# WHAT YOU NEED TO DO:
Restate word for word the lines below from the one that has "王书记首先和新生一起分享中华" through the one that has "- 企業や団体が具体的な政策提案を行い、政治家や官僚に影響を与えることが有効。", keeping both and dropping all pictures.

### MATERIAL PROVIDED ###

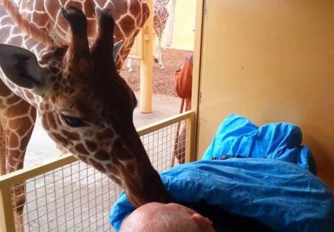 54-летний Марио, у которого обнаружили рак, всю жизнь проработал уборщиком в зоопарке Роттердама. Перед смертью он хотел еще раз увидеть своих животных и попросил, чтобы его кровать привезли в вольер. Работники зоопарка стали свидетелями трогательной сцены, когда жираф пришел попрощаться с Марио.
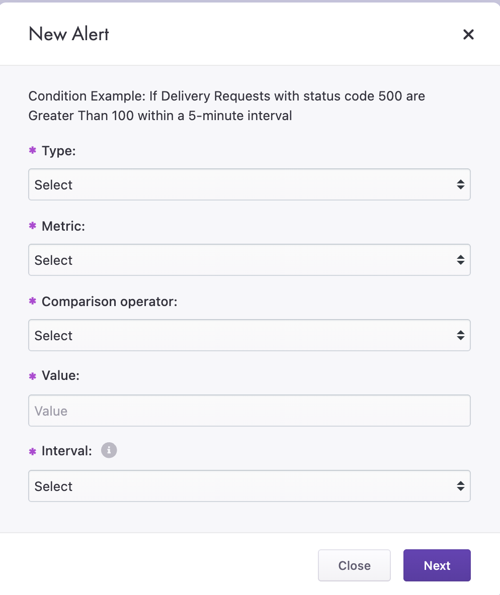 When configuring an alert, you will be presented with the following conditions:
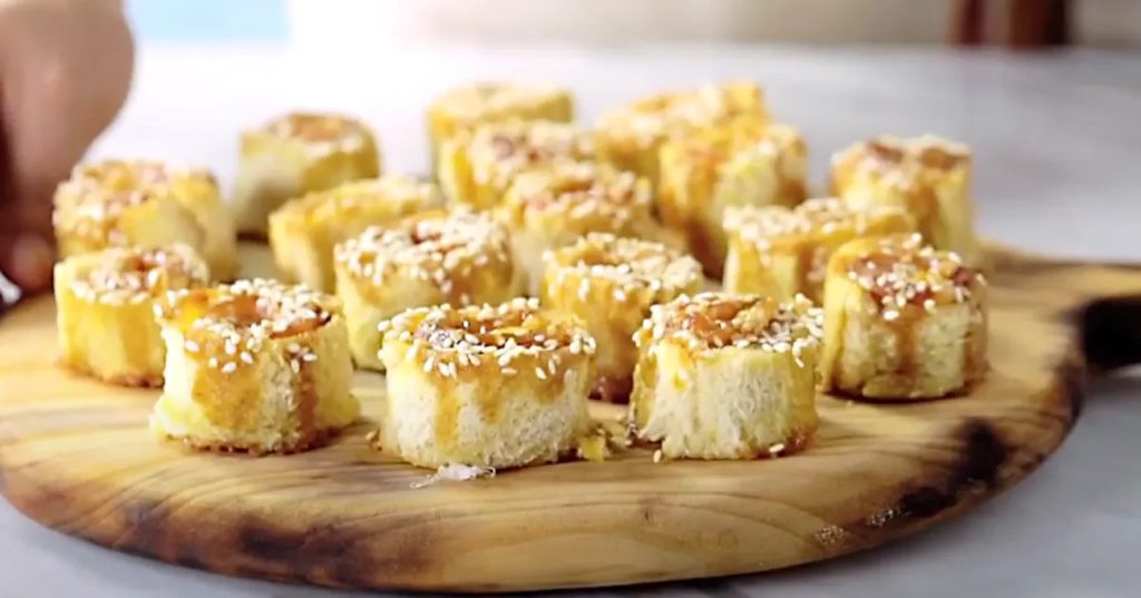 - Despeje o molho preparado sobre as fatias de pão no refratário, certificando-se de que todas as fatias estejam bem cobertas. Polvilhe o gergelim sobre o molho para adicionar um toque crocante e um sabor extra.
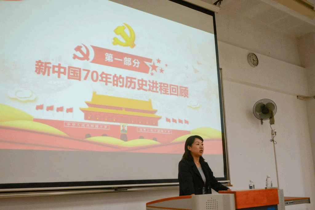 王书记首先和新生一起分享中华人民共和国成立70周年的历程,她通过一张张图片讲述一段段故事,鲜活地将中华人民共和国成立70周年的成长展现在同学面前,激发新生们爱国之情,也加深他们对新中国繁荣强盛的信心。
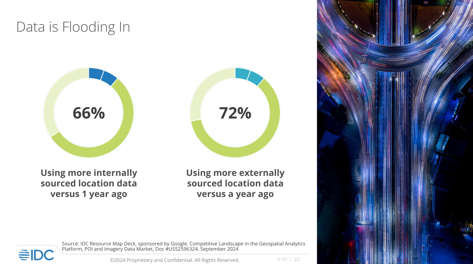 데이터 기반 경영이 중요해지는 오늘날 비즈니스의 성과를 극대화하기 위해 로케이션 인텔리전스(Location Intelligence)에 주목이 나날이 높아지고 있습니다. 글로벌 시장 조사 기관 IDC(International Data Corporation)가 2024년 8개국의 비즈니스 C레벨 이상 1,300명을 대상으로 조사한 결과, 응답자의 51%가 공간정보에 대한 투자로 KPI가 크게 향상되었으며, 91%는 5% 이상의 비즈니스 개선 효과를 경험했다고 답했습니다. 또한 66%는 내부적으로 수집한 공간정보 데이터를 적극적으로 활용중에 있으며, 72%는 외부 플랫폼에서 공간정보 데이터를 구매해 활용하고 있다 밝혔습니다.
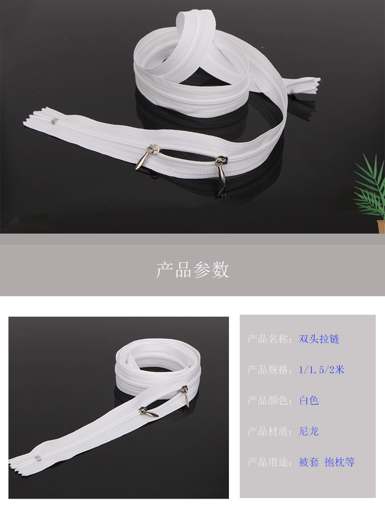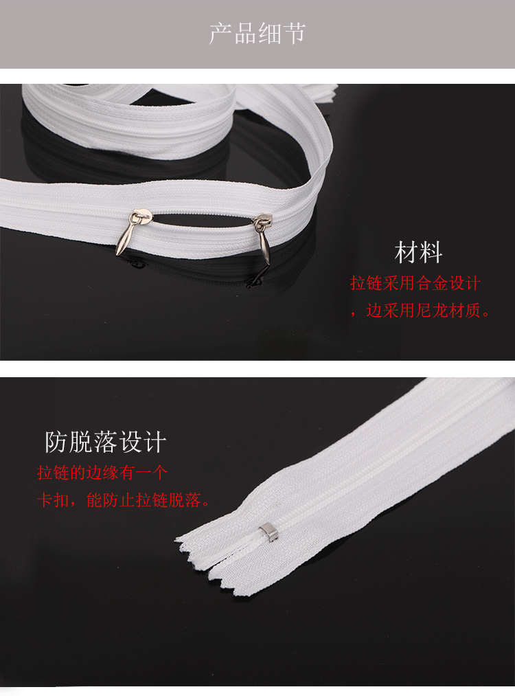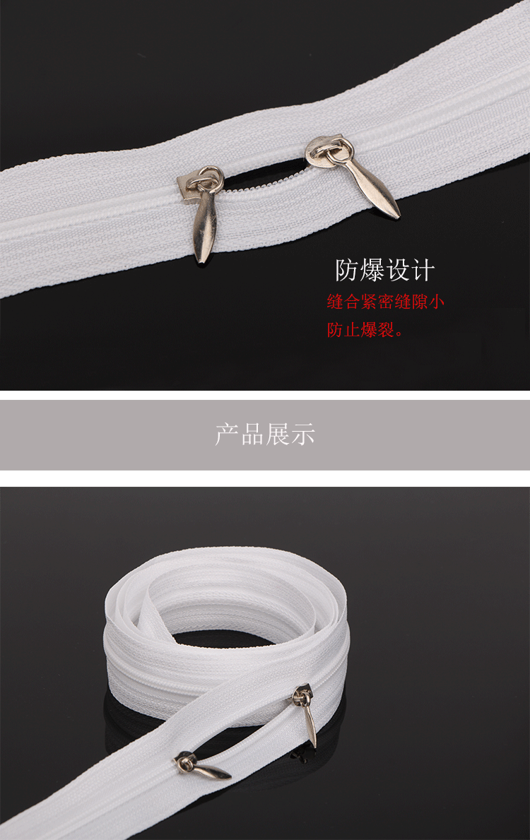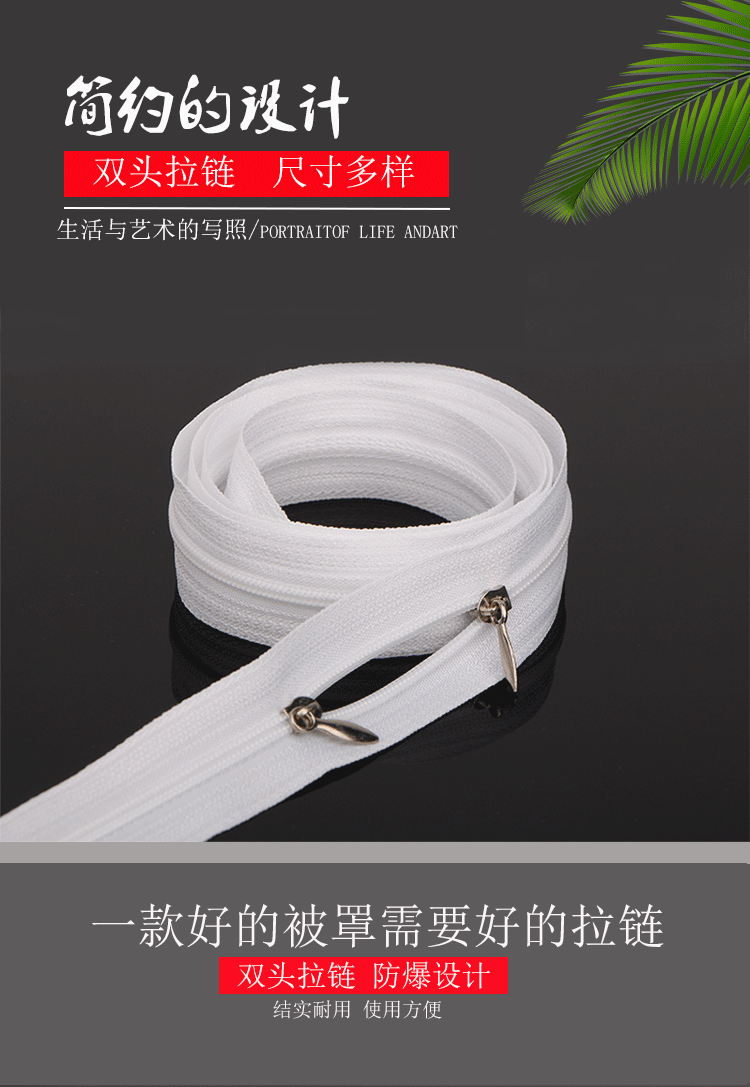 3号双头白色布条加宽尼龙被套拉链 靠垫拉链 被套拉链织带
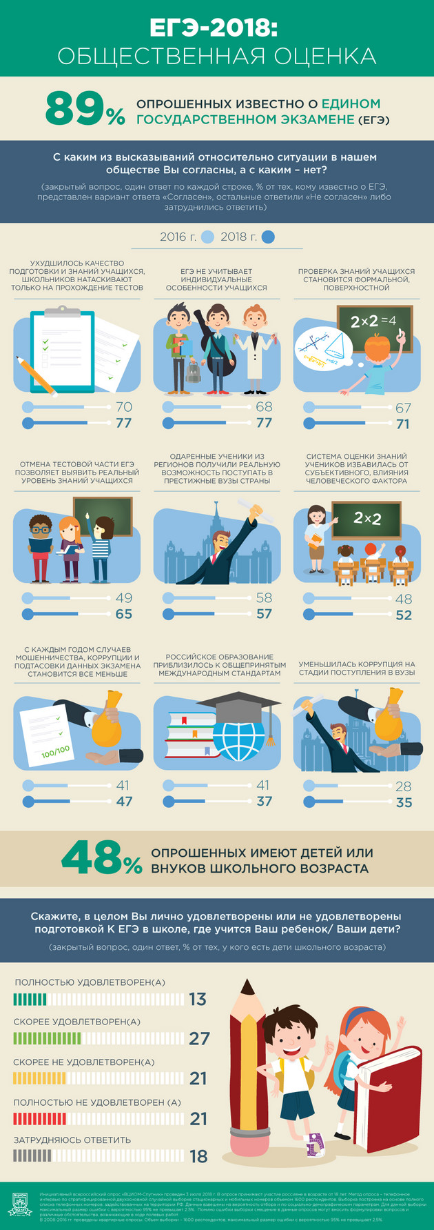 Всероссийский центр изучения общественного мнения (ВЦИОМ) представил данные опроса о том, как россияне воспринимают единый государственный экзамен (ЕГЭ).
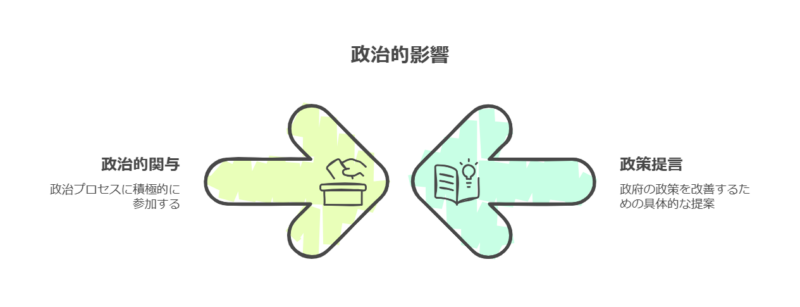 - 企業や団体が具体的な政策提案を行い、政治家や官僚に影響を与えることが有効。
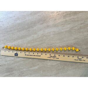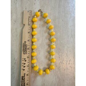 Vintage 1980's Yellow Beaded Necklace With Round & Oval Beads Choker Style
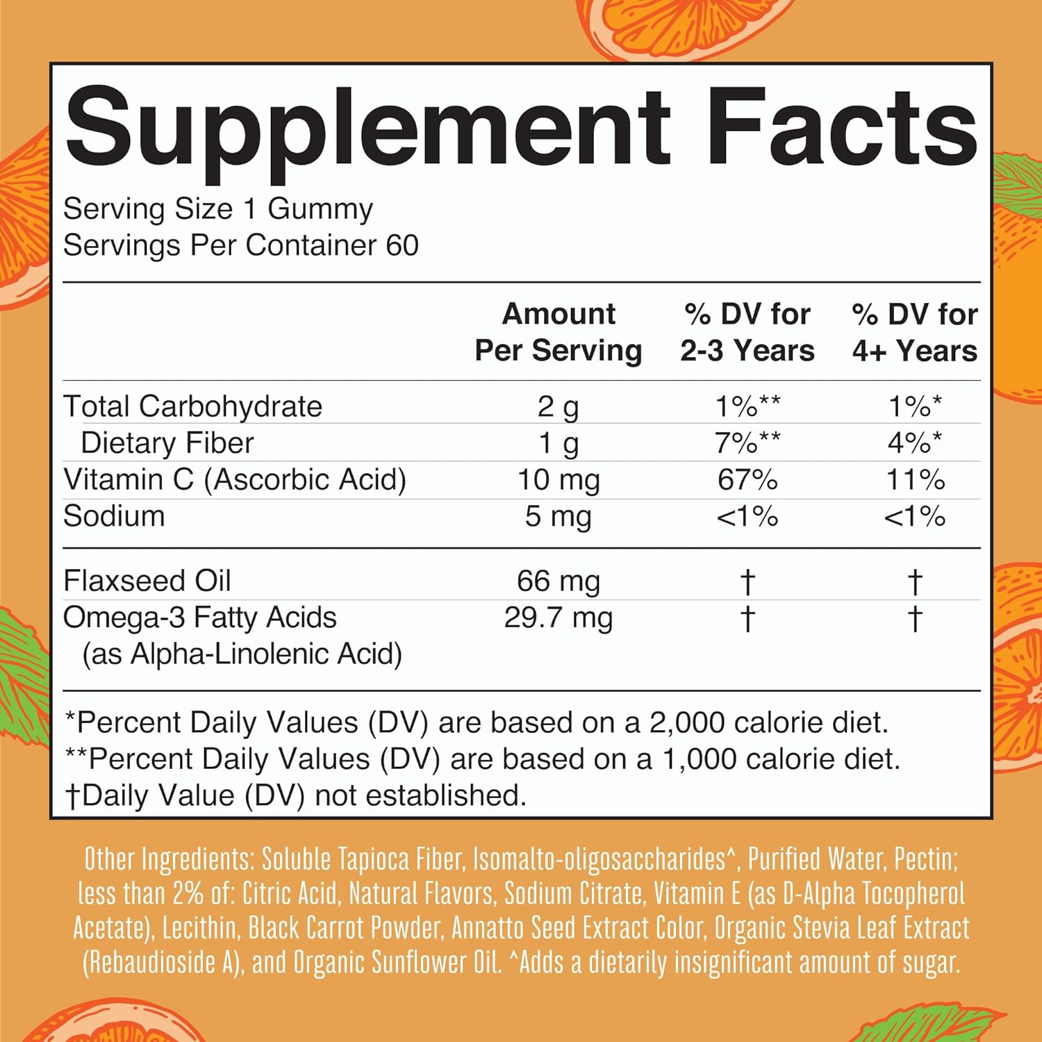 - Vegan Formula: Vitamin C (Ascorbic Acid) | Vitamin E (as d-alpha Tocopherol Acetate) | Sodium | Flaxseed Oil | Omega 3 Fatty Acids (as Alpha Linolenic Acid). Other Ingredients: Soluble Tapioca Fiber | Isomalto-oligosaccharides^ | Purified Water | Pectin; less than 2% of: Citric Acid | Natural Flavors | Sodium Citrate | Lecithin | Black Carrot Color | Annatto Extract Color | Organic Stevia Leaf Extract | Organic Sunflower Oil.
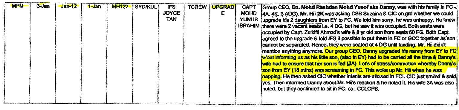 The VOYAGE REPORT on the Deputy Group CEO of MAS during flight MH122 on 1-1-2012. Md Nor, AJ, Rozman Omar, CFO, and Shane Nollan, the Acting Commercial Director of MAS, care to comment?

###

# RESPONSE TO THE EXERCISE:
 王书记首先和新生一起分享中华人民共和国成立70周年的历程,她通过一张张图片讲述一段段故事,鲜活地将中华人民共和国成立70周年的成长展现在同学面前,激发新生们爱国之情,也加深他们对新中国繁荣强盛的信心。
 데이터 기반 경영이 중요해지는 오늘날 비즈니스의 성과를 극대화하기 위해 로케이션 인텔리전스(Location Intelligence)에 주목이 나날이 높아지고 있습니다. 글로벌 시장 조사 기관 IDC(International Data Corporation)가 2024년 8개국의 비즈니스 C레벨 이상 1,300명을 대상으로 조사한 결과, 응답자의 51%가 공간정보에 대한 투자로 KPI가 크게 향상되었으며, 91%는 5% 이상의 비즈니스 개선 효과를 경험했다고 답했습니다. 또한 66%는 내부적으로 수집한 공간정보 데이터를 적극적으로 활용중에 있으며, 72%는 외부 플랫폼에서 공간정보 데이터를 구매해 활용하고 있다 밝혔습니다.
 3号双头白色布条加宽尼龙被套拉链 靠垫拉链 被套拉链织带
 Всероссийский центр изучения общественного мнения (ВЦИОМ) представил данные опроса о том, как россияне воспринимают единый государственный экзамен (ЕГЭ).
 - 企業や団体が具体的な政策提案を行い、政治家や官僚に影響を与えることが有効。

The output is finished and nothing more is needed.